EXERCISE: Every line below must be reproduced exactly; no pictures are to be included.

COLLECTED DATA:
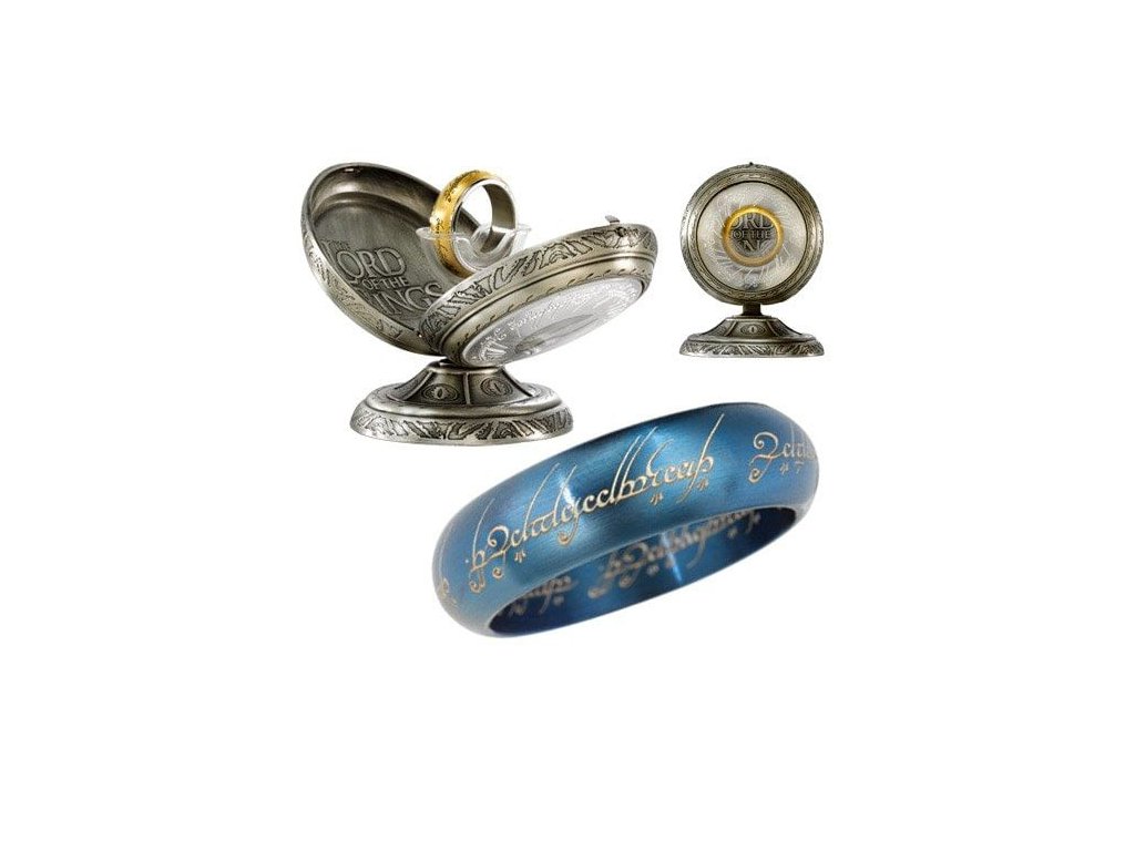 Replika jednoho prstenu z filmů Pán Prstenů a Hobit ve stylové modré barvě. Po obvodu prstenu jsou vyryty znaky. Prsten je kovový - nerezová ocel. Součástí je dárková krabička s motivy z filmu Hobit. K mání v různých velikostech. Odkazy Jak vybrat správnou velikost + tabulka velikostí
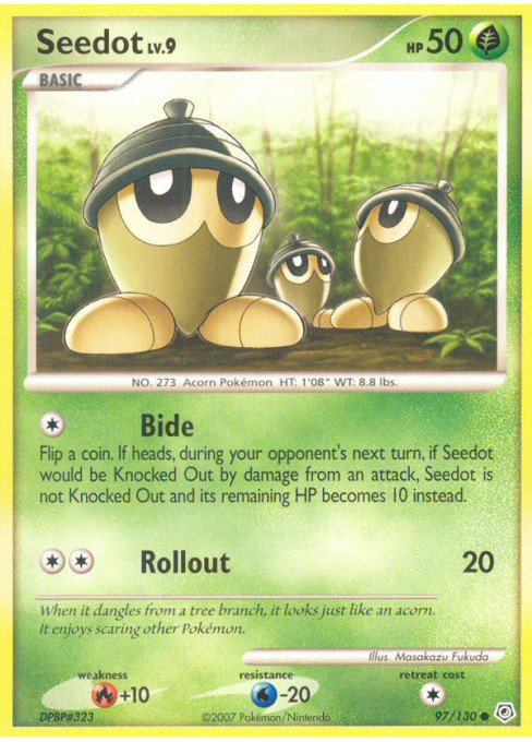 Flip a coin. If heads, during your opponent's next turn, if Seedot would be Knocked Out by damage from an attack, Seedot is not Knocked Out and its remaining HP becomes 10 instead.
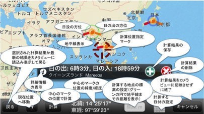 マップ表示で、世界中の地点の日の出や日の入、南中、各種薄明の時間などが表示され解りやすく便利です

RESPONSE AREA:
 Replika jednoho prstenu z filmů Pán Prstenů a Hobit ve stylové modré barvě. Po obvodu prstenu jsou vyryty znaky. Prsten je kovový - nerezová ocel. Součástí je dárková krabička s motivy z filmu Hobit. K mání v různých velikostech. Odkazy Jak vybrat správnou velikost + tabulka velikostí
 Flip a coin. If heads, during your opponent's next turn, if Seedot would be Knocked Out by damage from an attack, Seedot is not Knocked Out and its remaining HP becomes 10 instead.
 マップ表示で、世界中の地点の日の出や日の入、南中、各種薄明の時間などが表示され解りやすく便利です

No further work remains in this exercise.